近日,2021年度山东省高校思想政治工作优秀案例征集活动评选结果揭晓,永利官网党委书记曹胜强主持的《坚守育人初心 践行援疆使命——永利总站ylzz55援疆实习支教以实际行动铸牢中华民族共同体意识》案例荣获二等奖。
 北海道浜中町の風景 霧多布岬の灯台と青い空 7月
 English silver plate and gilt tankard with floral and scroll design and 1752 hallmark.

· · · · ·

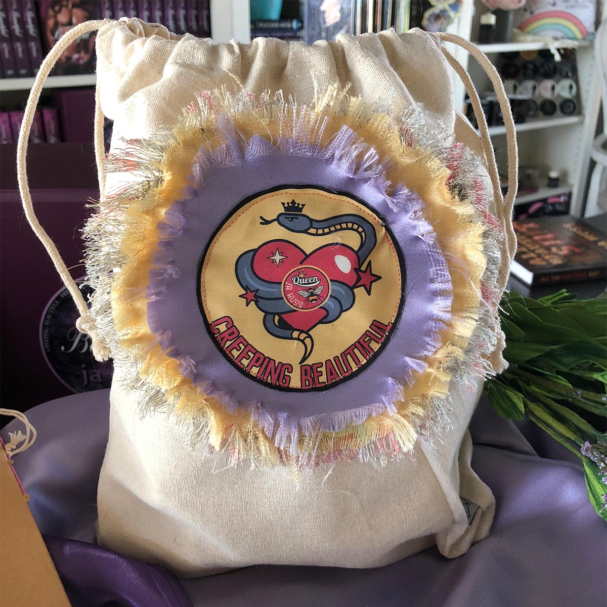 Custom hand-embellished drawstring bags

· · · · ·

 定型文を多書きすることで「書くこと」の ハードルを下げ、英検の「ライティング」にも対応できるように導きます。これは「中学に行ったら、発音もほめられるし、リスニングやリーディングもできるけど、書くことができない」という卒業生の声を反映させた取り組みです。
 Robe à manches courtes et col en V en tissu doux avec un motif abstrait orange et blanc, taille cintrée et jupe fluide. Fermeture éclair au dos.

· · · · ·

> [Instructions to follow]: Exactly the lines above from the one with "近日,2021年度山东省高校" to the one with "English silver plate", both included, are to be quoted; leave the rest out.

> [Answer to this problem]:
近日,2021年度山东省高校思想政治工作优秀案例征集活动评选结果揭晓,永利官网党委书记曹胜强主持的《坚守育人初心 践行援疆使命——永利总站ylzz55援疆实习支教以实际行动铸牢中华民族共同体意识》案例荣获二等奖。
 北海道浜中町の風景 霧多布岬の灯台と青い空 7月
 English silver plate and gilt tankard with floral and scroll design and 1752 hallmark.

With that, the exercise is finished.